Zu nennen ist hier auch eine noch umfangreichere populationsbasierte Beobachtungsstudie aus Dänemark, in die über 500.000 während der ersten Welle PCR-getestete Probanden einbezogen wurden (Assessment of protection against reinfection with SARS-CoV-2 among 4 million PCR-tested individuals in Denmark in 2020: a population-level observational study – The Lancet). Untersucht wurde, wie viele PCR-Positive sich im Vergleich zu einem nach demographischen Kriterien abgeglichenen Kontrollkollektiv während der zweiten Welle erneut infizierten. Hier wurde nach einer Erstinfektion eine Schutzrate von zwischen 78,8 und 80,5% gegen eine erneute Infektion gefunden.

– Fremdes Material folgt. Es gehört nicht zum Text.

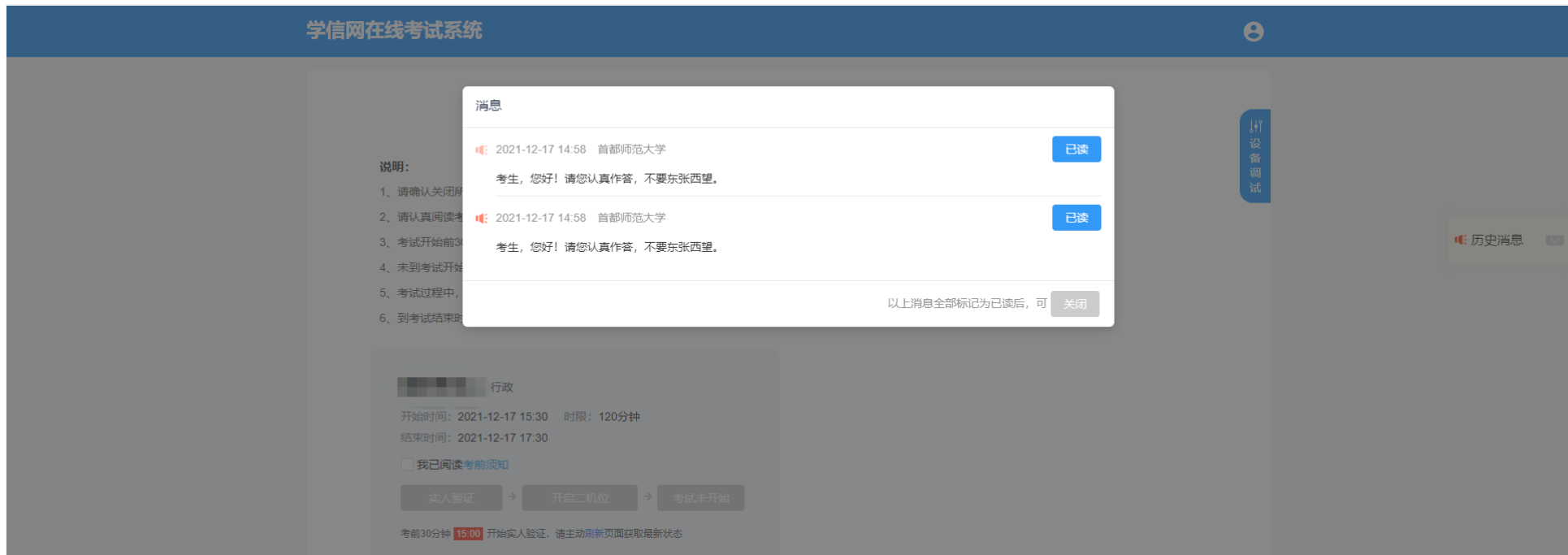
图 7-2 收到消息

Allerdings zeigte sich in dieser Studie, dass die Schutzrate in Bezug auf eine erneute Infektion bei älteren Probanden über 65 Jahren deutlich geringer war, nämlich nur 47,1%.

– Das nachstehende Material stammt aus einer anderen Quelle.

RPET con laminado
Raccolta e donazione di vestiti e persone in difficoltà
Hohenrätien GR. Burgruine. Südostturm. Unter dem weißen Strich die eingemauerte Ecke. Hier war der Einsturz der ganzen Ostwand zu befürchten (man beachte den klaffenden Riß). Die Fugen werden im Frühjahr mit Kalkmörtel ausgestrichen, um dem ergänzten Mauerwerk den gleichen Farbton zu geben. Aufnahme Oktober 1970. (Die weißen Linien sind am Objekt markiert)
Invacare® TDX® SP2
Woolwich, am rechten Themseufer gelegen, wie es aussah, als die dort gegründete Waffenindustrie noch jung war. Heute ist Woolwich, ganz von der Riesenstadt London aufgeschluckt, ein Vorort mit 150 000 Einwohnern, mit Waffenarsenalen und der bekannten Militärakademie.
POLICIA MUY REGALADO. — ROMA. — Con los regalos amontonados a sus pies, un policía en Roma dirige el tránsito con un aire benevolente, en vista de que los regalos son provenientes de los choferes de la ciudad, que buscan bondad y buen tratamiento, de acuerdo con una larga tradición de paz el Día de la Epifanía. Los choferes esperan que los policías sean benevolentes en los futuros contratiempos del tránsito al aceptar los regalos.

Während also diese Daten dafür sprechen, dass man nach einer durchgemachten natürlichen SARS-CoV-2-Infektion innerhalb der Beobachtungszeit von 5-8 Monaten ein hoher Schutz gegen eine Reinfektion und ein noch höherer gegen eine symptomatische Reinfektion besteht, bleibt das Risiko bestehen, dass auch Personen, die selbst bereits eine Infektion durchgemacht haben, erneut zu Virusüberträgern werden können. Auch sie müssen daher weiter in die Maßnahmen zur Verhinderung einer Virusübertragung (Tragen von Masken) eingebunden werden. Insbesondere der deutlich geringere Schutz bei Älteren spricht überdies dafür, dass auch bereits zuvor mit SARS-CoV-2 Infizierte geimpft werden sollten. Dies resultiert sogar in einem breiteren Immunschutz. Wie eine neue Studie (Prior SARS-CoV-2 infection rescues B and T cell responses to variants after first vaccine dose | Science (sciencemag.org)) zeigen konnte, führt bereits die Verabreichung einer einzigen Impfdosis der BNT162b2-Vakzine (BioNTech/Pfizer) bei einer bereits in der Vergangenheit mit dem ursprünglich verbreiteten Virustyp infizierten Person zu einer starken T- und B-Zell-Immunantwort mit Bildung neutralisierender Antikörper. Die Immunantwort ist sogar stärker ausgeprägt als bei Erstimpflingen, die zuvor nicht infiziert waren. Außerdem erfasst die Immunantwort bei Impflingen mit vorangegangener Infektion die Varianten B.1.1.7 und B.1.351 besser als die Immunantwort bei Erstimpflingen ohne vorangegangene Infektion.